►

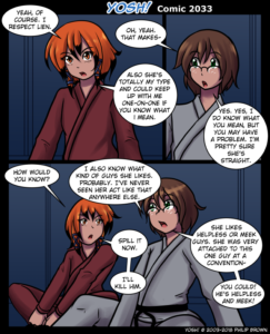 Wednesday will be filler for some reason… What could it be… Anyways! Don’t forget to check out my new comic! It’s great and updates once a week on Wednesday over at Artificial Incident! If you like Yosh! you’re bound to like Artificial Incident! If you don’t like Yosh! you might like Artificial Incident! And yes, I am plugging my own comic hard on my own other comic! It will update on Wednesday regardless of whatever holiday Wednesday may fall on! Artificial Incident
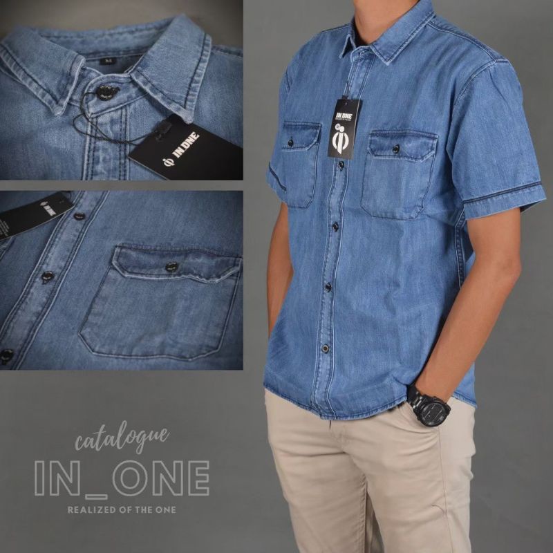 kemeja jeans lengan pendek pria viral terbaru
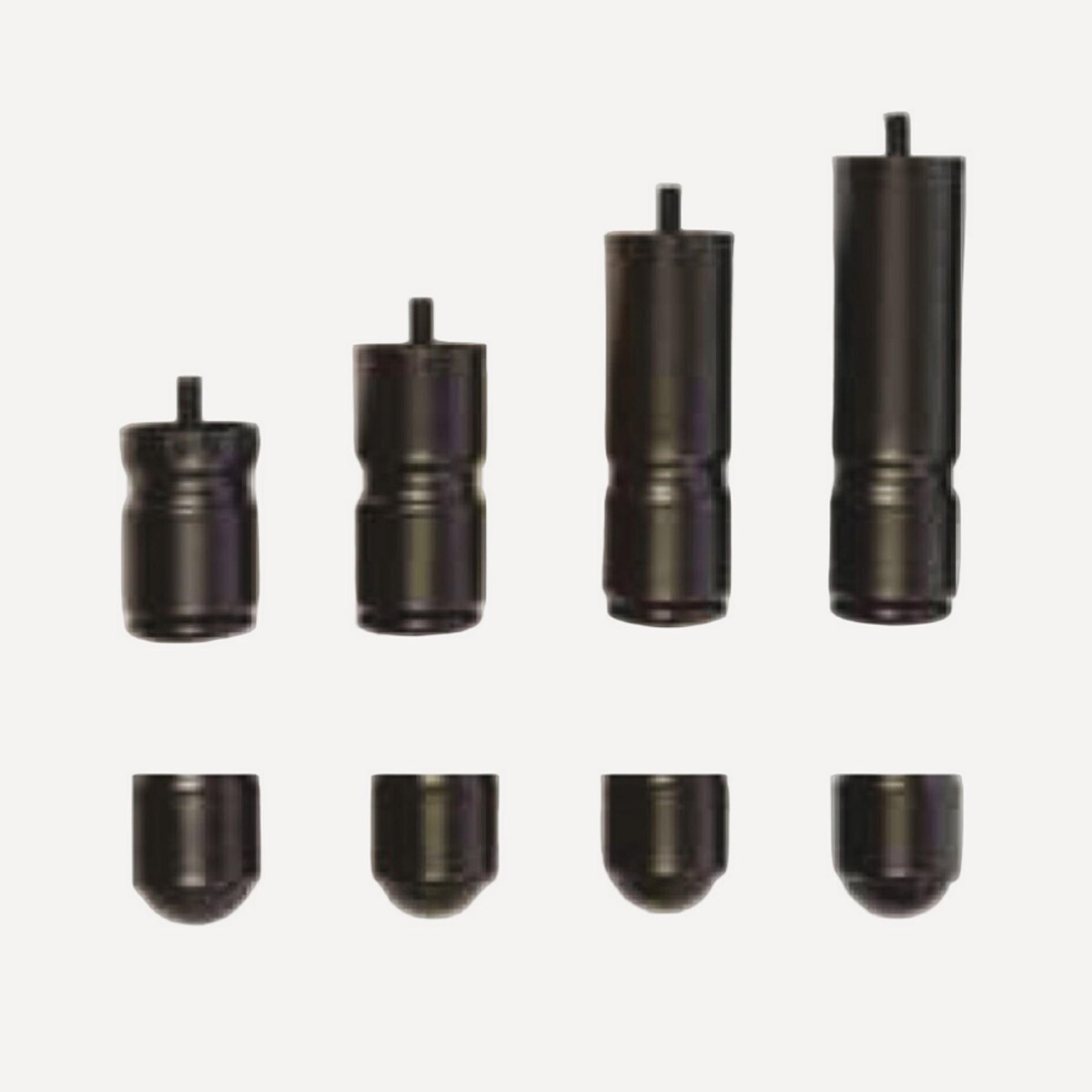 Pé metálico preto com base esférica de 5 cm de diâmetro tipo taco até 18 cm de altura para utilizar nas bases Paladium Adapt, Firme e Adapt (opções 8, 11, 15 e 18 cm) e com 26 cm para a base Tapimola.
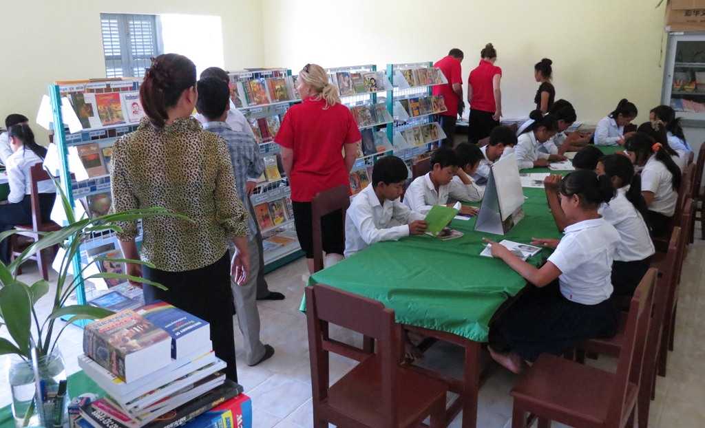 Established with the support and financial assistance of the Rotary Club of Dubbo Macquarie, after member Glenys Mulholland visited CLS in 2011, the Library has gone from strength to strength, and is a very valuable resource for CLS. The books and resources are provided free for the use of students and people from the community. Library classes are held, and there is often a teacher available to help people from the community with their reading. During last year’s visit, our team made had a book-buying trip in Kampot (and in Phnom Penh for those books we couldn’t source locally) to purchase English and Khmer text books and resources to stock the library. We also donated some of these books to the State School, because the students of CLS benefit from the sharing of resources.
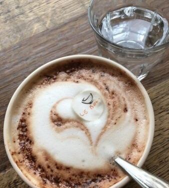 The latte is big and tasty
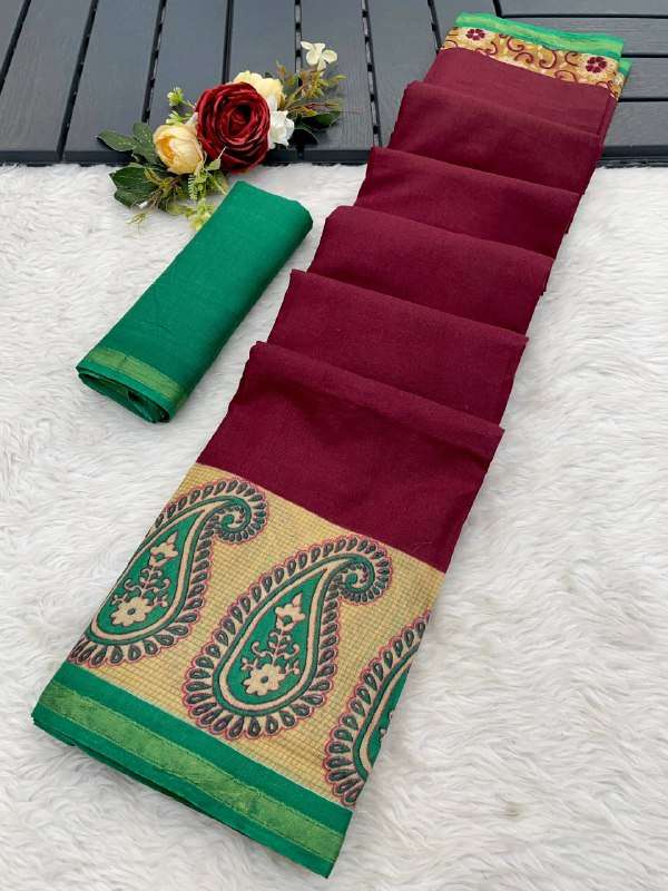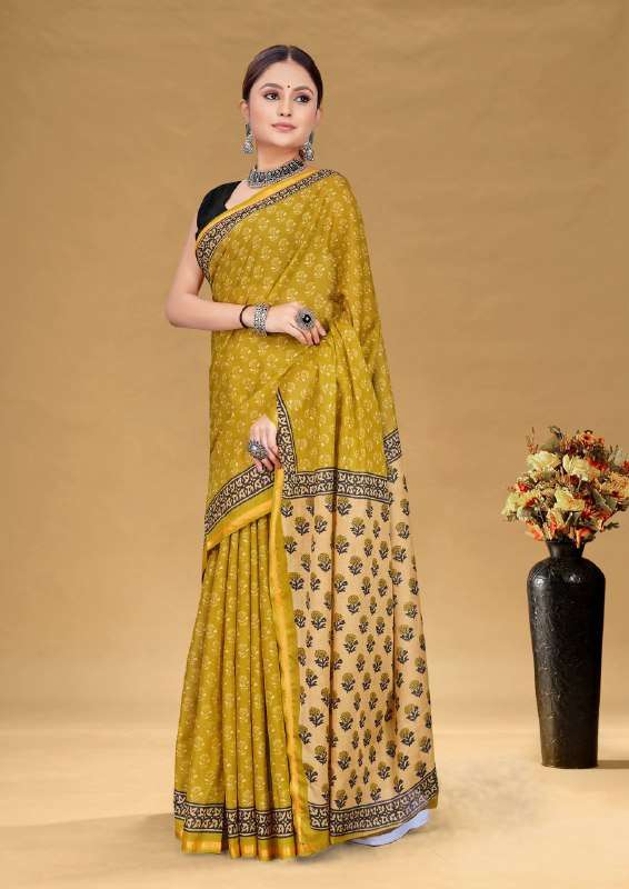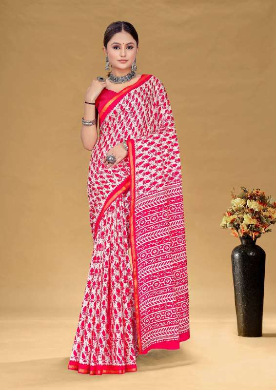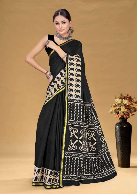 73 SUDHA ZARI BODAR BAGRU BLOCK PRINT MUSLIN COTTON SAREE WITH BLOUSE SURAT DEALER
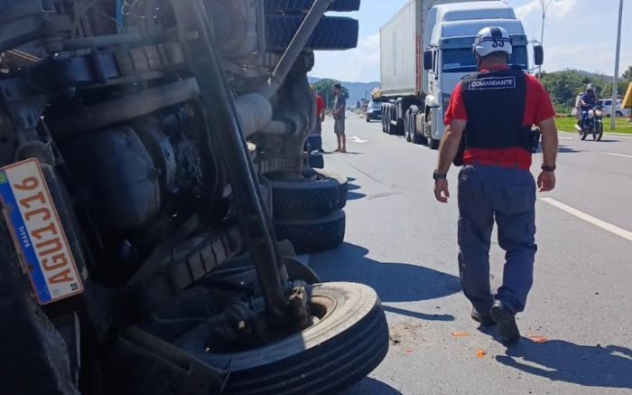 A Polícia Rodoviária Federal registrou lentidão no trecho devido à curiosidade de motoristas que reduziram a velocidade para olhar o tombamento.
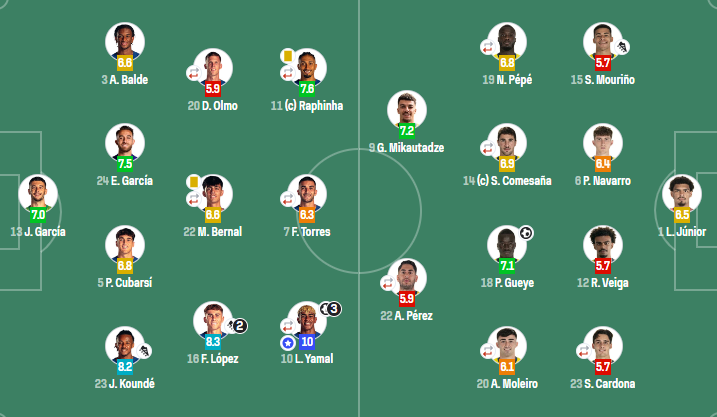 巴塞罗那:霍安-加西亚;孔德,库巴西,埃里克-加西亚,巴尔德;费尔明,贝尔纳尔(67'阿劳霍),奥尔莫(59'佩德里);亚马尔(73'巴德吉),费兰-托雷斯(67'莱万多夫斯基),拉菲尼亚(73'拉什福德)
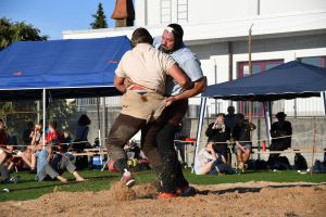 Der Schlussgang zwischen Bösch Daniel (dunkle Schwinghosen) gegen Alpiger Nick (Helle Schwinghosen) endet gestellt und Hasler Jimmy als lachender Dritter erbt den Sieg
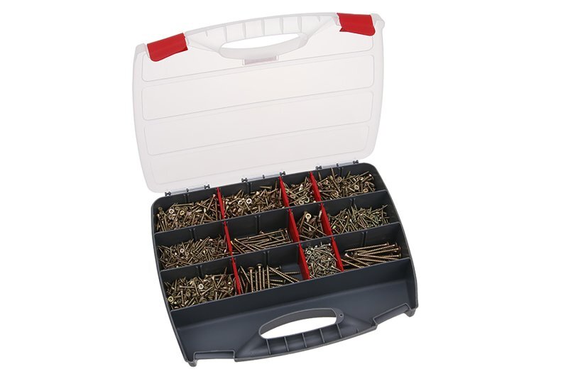 Kompletny zestaw wkrętów w praktycznym organizerze
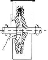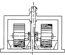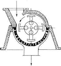 释义 | 绞碎与斩拌设备 绞碎(粉碎)与斩拌的设备种类很多,最普通的分类方法是按被绞碎(粉碎)物料的大小以及所得成品的粒度而分为粗碎、中碎、细碎设备,研磨设备和切割碎裂设备。粗碎设备有颚式压碎机、回转压碎机等重型设备,在食品生产上并不常见。食品加工中常见的中、细碎设备有滚筒轧碎机、锤式粉碎机、盘击式粉碎机等;研磨设备有盘式磨碎机、盘磨、辊磨机、胶体磨等;切割碎裂设备则有绞肉机、斩拌机、切片机、切丁机、锯割机、撕碎机等。 (一)中碎、细碎设备 1.滚筒轧碎机 滚筒轧碎机是利用一只或一只以上滚筒的旋转进行轧碎操作的设备,应用于中碎或细碎,最普通的是双滚筒轧碎机。双滚筒的设备系由直径相同的两个滚筒所构成,安装在平行的水平轴上。操作时,两滚筒旋转方向相反,物料从上部两滚筒之间加入,被其间的摩擦力所挟持而拖曳至下方,同时受到挤压力而被粉碎,从下方落下。 2.锤式粉碎机和盘式粉碎机 锤式粉碎机(图2-2-3)应用于中间粉碎,适用于中等硬度和脆性物料,但也能用于较软、较韧物料和纤维物料。其粉碎力主要为冲击力,也有摩擦力。锤式粉碎机的主轴上装有几个钢质圆盘,盘上又装有硬钢锤头。当锤头以40~100m/s的圆周速度高速旋转时,就以很大的力量撞击物料使之粉碎。经粉碎后的物料,从装在机壳上的格栅缝隙间卸出,并且可以调节缝隙以限定一定的粉碎比。 图2-2-3 锤式粉碎机 锤式粉碎机的锤头除以铰链连接于转动件外,也有刚性联结于转动件者。锤头有各种式样,有矩形断面的锤棒,有较薄的锤片,有的锤片很薄就成为刀状。锤头的安放位置有垂直于主轴或平行于主轴的。锤式粉碎机的机壳内面通常是平滑的,但也有具有一定的形状的,可使物料与机壳发生撞击而粉碎。锤式粉碎机机壳下部有格栅或筛网时,锤头与格栅之间的物料就受到很大的摩擦。格栅或筛网的孔缝大小决定了制品粒度的上限而非下限。格栅或筛网适用于非常干燥的制品或者含水分高的制品,对于中间状态的制品,则易被堵塞,不宜使用。 锤式粉碎机在食品工业中使用广泛,多用于处理结晶固体、纤维质物料、植物性物质、胶黏性的物料等,例如胡椒、花椒与香料等的粉碎。 此外,盘击式粉碎机的使用也非常广泛。其最简单的形式是由互相靠近的两个圆盘组成,每个圆盘上有很多以同心圆排列的齿状、针状或棒状的指爪,而且一个圆盘上的每层指爪伸入到另一圆盘的两层指爪之间。这样,当两个圆盘做相对运动时,除了指爪对物料的冲击粉碎力之外,还产生分割或拉碎的作用,所以适于纤维质物料的粉碎。一般盘击式粉碎机沿整个机壳周边安有筛网。 盘击式粉碎机有两种形式,其一仅一盘转动,另一盘为固定;另一则两盘均转动,可参见图2-2-4。 图2-2-4 盘击式粉碎机 近代盘击式粉碎机的形式颇多,指爪的形状各不相同,有短的或长的圆柱状,或甚至形成似刀齿。有的盘击式粉碎机其内层指爪形状及其相互距离与外层不同,目的是使物料因离心力作用向外周移动过程中产生逐级粉碎的作用。盘击式粉碎机有采用高速的倾向,如图2-2-4(1)的形式,其外层指爪圆周速度可高达160m/s。这种形式的粉碎机不带筛网,物料经粉碎机靠空气流带动。 两盘都转动的粉碎机,其圆盘转动可同向而转速不等,或依相反方向转动。这种粉碎机转速很高。最新式的还装有内部气流分级装置。最近还出现转动件之间距离可调节的盘击式粉碎机。 图2-2-4(2)所示为另一种不同的盘击式粉碎机,称为鼠笼式碎解机。它的主要构件是两只粉碎转动件,每只都由若干个有长指爪组成的笼所构成。同心的指爪层一侧固定在金属板上,另一侧装在圆环上。两笼依相反方向旋转,相对速度约为60m/s。这种设备具有强烈的撕碎作用,颇适于较韧纤维质食品的粉碎。 (二)研磨设备 研磨设备是一类利用摩擦力或剪力作为主要破碎力,将物料碎裂成更细的一种设备。因为许多食品要求颗粒很细,有的则要求达到超微细程度,所以研磨机和胶体磨是食品生产中广泛应用的设备。这里仅讨论一般的研磨设备,胶体磨还具有乳化作用,故放在第三节乳化中讨论。 1.盘式磨碎机和盘磨 盘式磨碎机是物料在两盘面之间依靠摩擦力的作用而碎裂为极细粉粒的绞碎(粉碎)机。一般除摩擦力外还有压力的作用。这种设备中摩擦力和挤压力两种作用力之间的关系,一方面取决于两盘面间的压力,另一方面取决于两盘面的速度差。 一般而言,盘式磨碎机适用于软性以至于极软物料的极细碎裂。另外,至少在原则上适合于一切韧性和纤维质物料的干磨和湿磨,且常用于湿物料的加工。 盘式磨碎机为轴向进料,进入的物料在两盘间沿径向通过。通常两盘中一盘不动,而另一盘则转动,但也有两盘都转动的。盘间距离是可调节的。图2-2-5所示为两盘都转动的型式。 图2-2-5 盘式磨碎机 食品工业上经常使用的盘磨(图2-2-6)是由磨盘与两个碾轮所组成。但碾轮绕着立轴和本身的横轴转动时,物料就在碾轮与磨盘之间借挤压和研磨力而被碾碎。 图2-2-6 盘磨 盘磨有两种形式。一种是碾轮转动而磨盘不动,即图2-2-6所示的一种。另一种是磨盘转动而碾轮对立轴并不转动。后一种的优点:①比较容易固定碾轮,操作稳定;②比较容易卸出碾碎后的物料;③在碾轮上没有离心力的作用。 2.辊磨机 辊磨机与滚筒轧碎机在构造和原理

◄

» WORK TASK
Using the data above, return the lines from the one holding "Established with the" through the one holding "73 SUDHA ZARI" exactly, but not the pictures.

» EXERCISE ANSWER
 Established with the support and financial assistance of the Rotary Club of Dubbo Macquarie, after member Glenys Mulholland visited CLS in 2011, the Library has gone from strength to strength, and is a very valuable resource for CLS. The books and resources are provided free for the use of students and people from the community. Library classes are held, and there is often a teacher available to help people from the community with their reading. During last year’s visit, our team made had a book-buying trip in Kampot (and in Phnom Penh for those books we couldn’t source locally) to purchase English and Khmer text books and resources to stock the library. We also donated some of these books to the State School, because the students of CLS benefit from the sharing of resources.
 The latte is big and tasty
 73 SUDHA ZARI BODAR BAGRU BLOCK PRINT MUSLIN COTTON SAREE WITH BLOUSE SURAT DEALER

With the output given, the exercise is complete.